Voters of both parties overwhelming support this idea, and always have. So what’s holding it up? Don’t get me wrong. I admit to a little cynicism because I have seen this movie before. But the proposal is sound, and the ideas behind it are solid. It includes full expensing, reductions in the corporate tax rates that are driving jobs overseas, and reductions in small business and personal tax rates. It reduces seven tax brackets to just three. It eliminates the alternative minimum tax so no one has to do their taxes twice a year, rewards work by improving the earned income tax credit, provides real tax incentives for charitable giving, stops overtaxing “Made in America” products, and repeals the death tax.
These are all issues with vast bipartisan public support, and Ways and Means Chairman Kevin Brady is right when he calls the proposal “bold” and “pro-growth.”

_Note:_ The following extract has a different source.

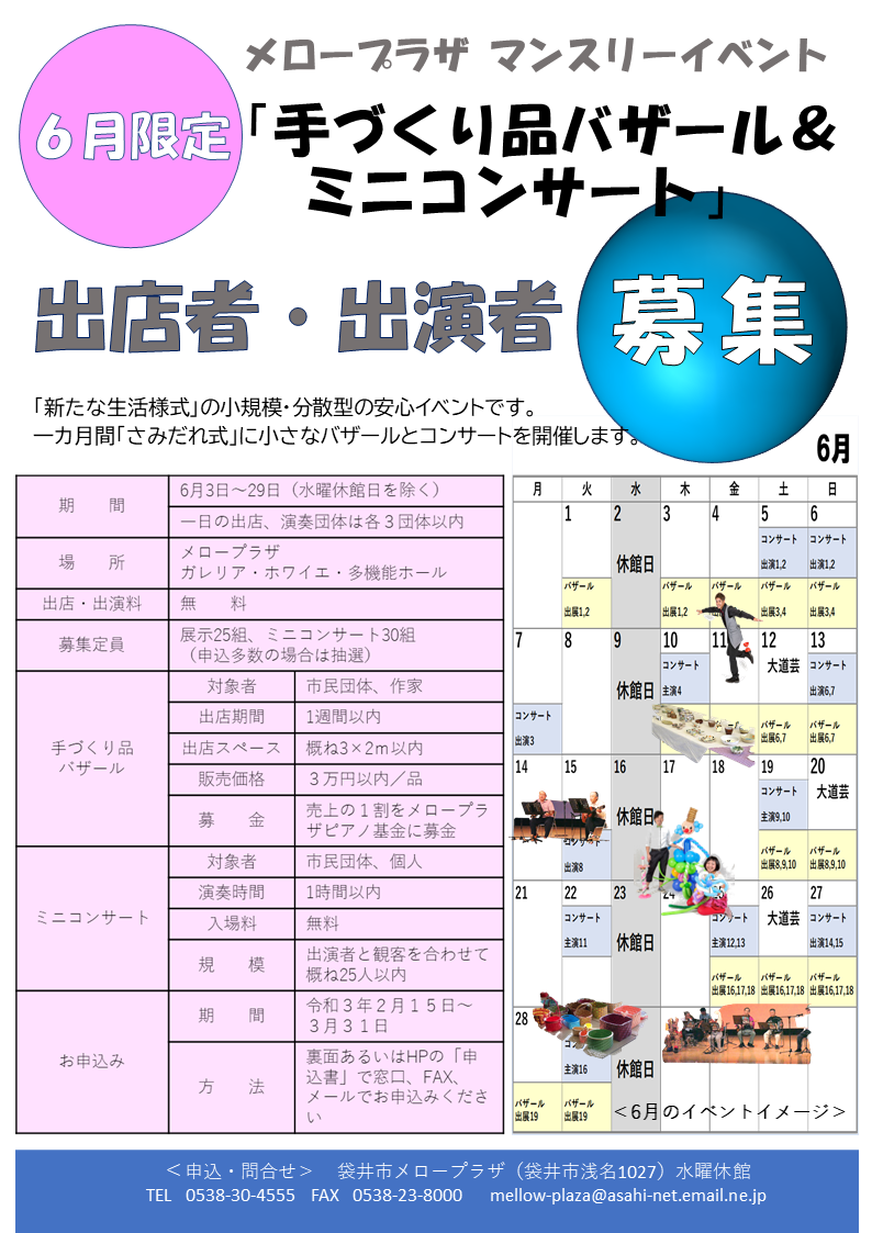 6月に開催するメロープラザマンスリーイベントの出店者・出演者を募集します。
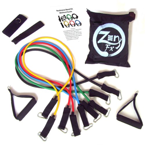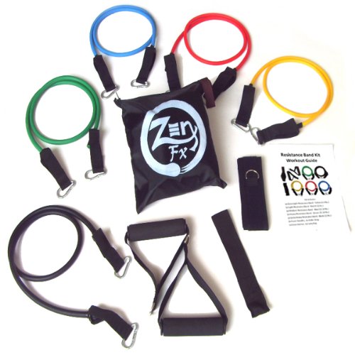 This 10-piece professional exercise resistance tubing band set by Zen FX consists of 5 stackable bands with varying resistance which can be used in multiple variations to achieve varying resistance levels. The fitness tubes are made of high quality natural latex material with excellent strength, elasticity and longevity. The set includes two foam-cushioned handles, an ankle strap, a door strap, a starter guide and a carry bag. The robust reinforced end connectors consisting of metal carabineers mechanically attached to the resistance tubing ensures that the clips will never come loose and snap off like other more flimsy designs of cheaper products.

Staffers have put the new video on the Committee’s website and are making the rounds encouraging everyone to watch it, show it, and talk about it. They say we need to begin a public dialogue about the proposed policy changes and get this plan into the public discourse – especially during an election year in which tax policy is a crucial issue.
They are right, of course, that these issues are ripe for debate, and that the public ought to know about such proposals. So here is a modest idea. How about passing the bill?
The “Blueprint” was unveiled with some fanfare in June of this year on Capitol Hill, but it is difficult for congressional proposals to compete for news media attention during a national election campaign – especially one driven more by personalities than policies. Still, there is a clear and simple way to make sure such legislation attracts national attention, and that is to pass it. The same Party proposing the measure controls not only the Ways and Means Committee, but the entire House, and the Senate. They assume the President might veto it. Even if true, wouldn’t that create the national debate they want?
I was in a room full of people this morning watching the new video, and nearly everyone there – all allies of the proposal – had the same reaction. Namely, instead of making videos about the plan, why not enact it? Or will today’s congressional interns still be talking about the idea 40 years from now?